Spiders colours. And maybe even sooner the time when players paid by big

clubs like the Old Firm will be permitted to learn the trade with the

amateurs. ''I know a lot of Queen's people would find that too much but

I honestly believe it may have to be the way forward into the next

century.'' He also foresees the time when smaller teams will play their

games either on Fridays or as pipe-openers for bigger matches.

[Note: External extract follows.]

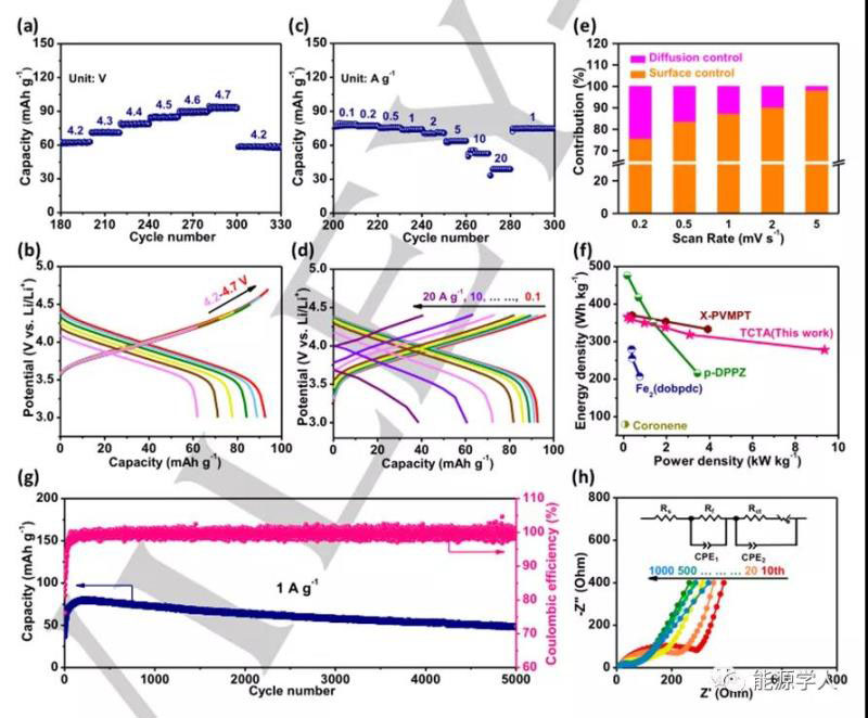 圖3.(a)分別在4.2至4.7 V的不同截止電壓下TCTA正極的循環(huán)性能和(b)相應充電/放電曲線。(c)不同電流密度下TCTA正極的倍率性能和(d)相應充電/放電曲線。(e)在不同掃速下擴散控制和表面控制的容量貢獻率,(f)文獻中報道的TCTA和其他有機正極材料的性能比較,(g)TCTA正極在1 A g-1下的長期循環(huán)性能,(h)在500 mA g-1時不同周期的TCTA正極的EIS譜(內(nèi)部:等效擬合電路)。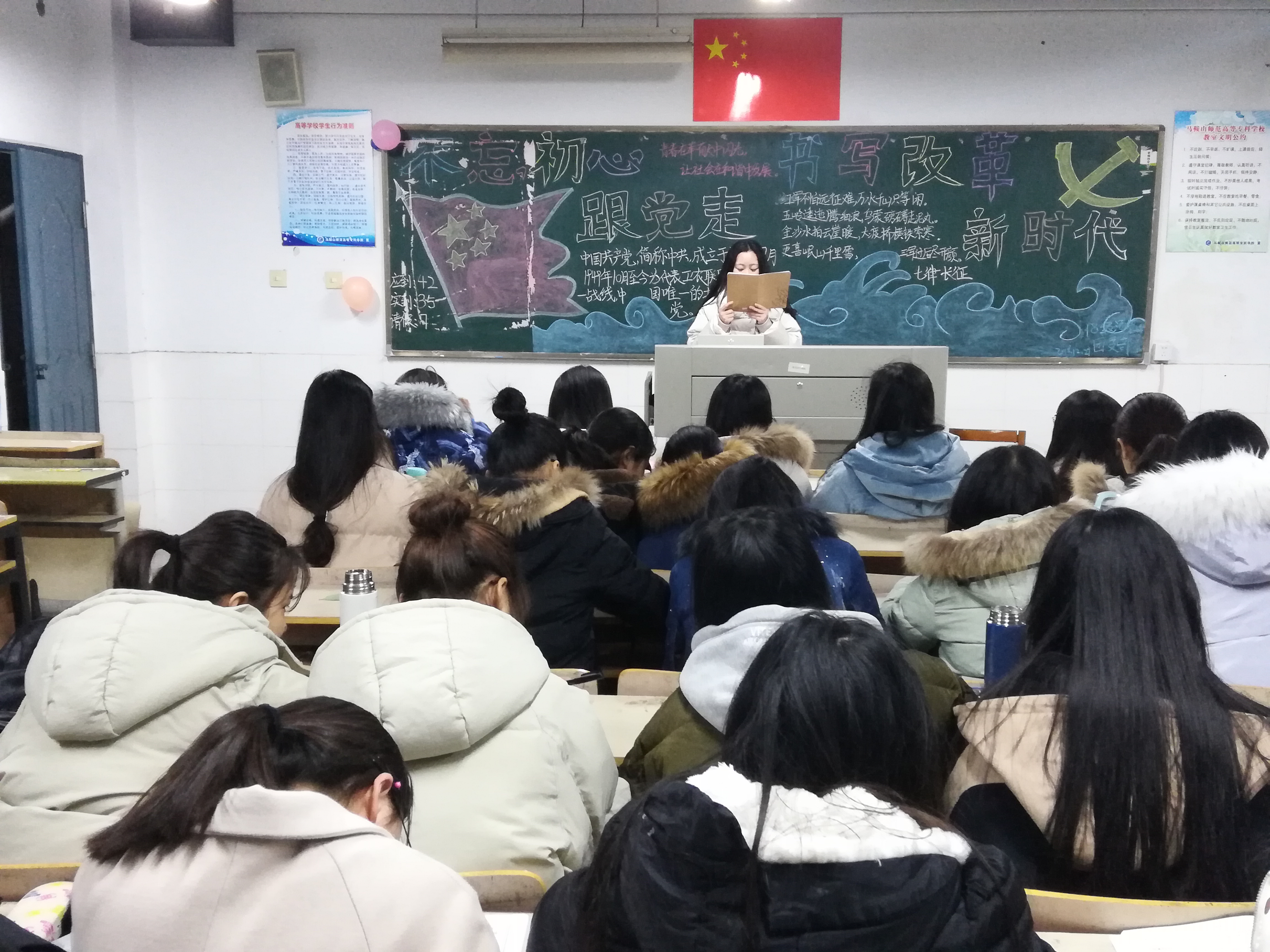 为了切实加强团组织建设,强化团员的光荣感责任感,增强团员意识,旅外系各班级于12月27日晚在D楼开展了以“不忘初心跟党,走书写改革新时代”为主题的团日活动。

A plumber in a business close to Parkhead, Hunter gives the adamant

lie to all the old tales about hidden payments to Queen's players. ''Not

one ha'penny has been passed to me in all the time I have been here.''

The man born in the Gorbals (''it was the posh end, they called it

Oatlands'') does recall with that infectious chuckle one of his early

games for the reserves.

''At that time you used to get your boots cleaned and polished (I

don't believe in it, players look after their own boots here). I was

only about 17. I saw one of the older players, Sandy Turpie, go into his

boot and take out a fiver. There was me and another young lad in the

dressing room. A fiver was a helluva lot of money in those days. He

watched us slink into the toe of our boots and then there was a huge

blast of laughter from the others who were watching. He was winding us

up. My boots have always fitted me.'' Proof, if any is needed, that he

is not money orientated was in evidence when one club chairman wrote out

a #5000 cheque and left it on the table. ''If you take the job, take the

cheque as you go out. If not, rip it up.'' It was torn up.

He maintains that Queen's Park are and always will be unique. We might

be tempted to say the same thing about him.